Now my goats just hang around the house and stay within sight. I do have a large dog that deters coyotes and I do pen them when I am not at home. But if you get the right people-friendly goats they'll probably want to stay on the porch and on the lawn more than anywhere else and have no desire to escape or run off, although the road and neighbor's dogs may be a problem. You may need to worry more about keeping dogs out than goats in.

Now that I'm going to have two bucklings to pen up, I will put a hot wire, a really hot wire, along the top of the chain link fence and keep my fingers crossed. I'll also build a couple of semi-portable pens made from steel posts and 4x4 panels. I don't want any area where I keep the goats to become totally dirt so I will have to figure out how to move them around some, even maybe using some electric net.

Once you have your goats, I think your plans will evolve to fit the goats. For now, the preliminary plans sound good.


----------



## lupinfarm (Aug 26, 2009)

I think that fence height is too high. If you get snow in your area, the snow load on that will pull it down in just under a year (I know, we have 5ft fencing 3 rail wood in our horse pasture that didn't fare so well this winter). 

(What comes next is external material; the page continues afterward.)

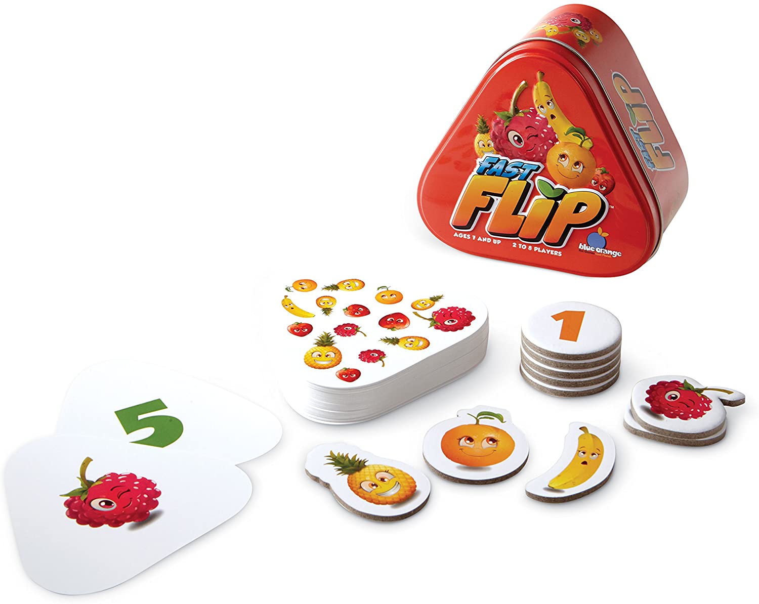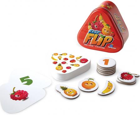 Alternatively, you can play with five fruit tokens and five number tokens. When you yell out an answer correctly, you claim the token that shows that answer, whether from the center of the table or from another player. Whoever first has five tokens in front of them wins.

Fias Co Farm suggests using electric, I've read that many have had success with young goats introducing to electric, but also older goats. Our 2 Pygmy/Pygmy X does will be introduced to electric fence as soon as the pasture is ready, but I will also have a back up of wood buck fence (split rail) to be sure of a lack of escape.

I passed a small farm today that had goats, most were on the correct side of the fence, 2 were on the opposite LOL, they were fenced in with paige wire.


----------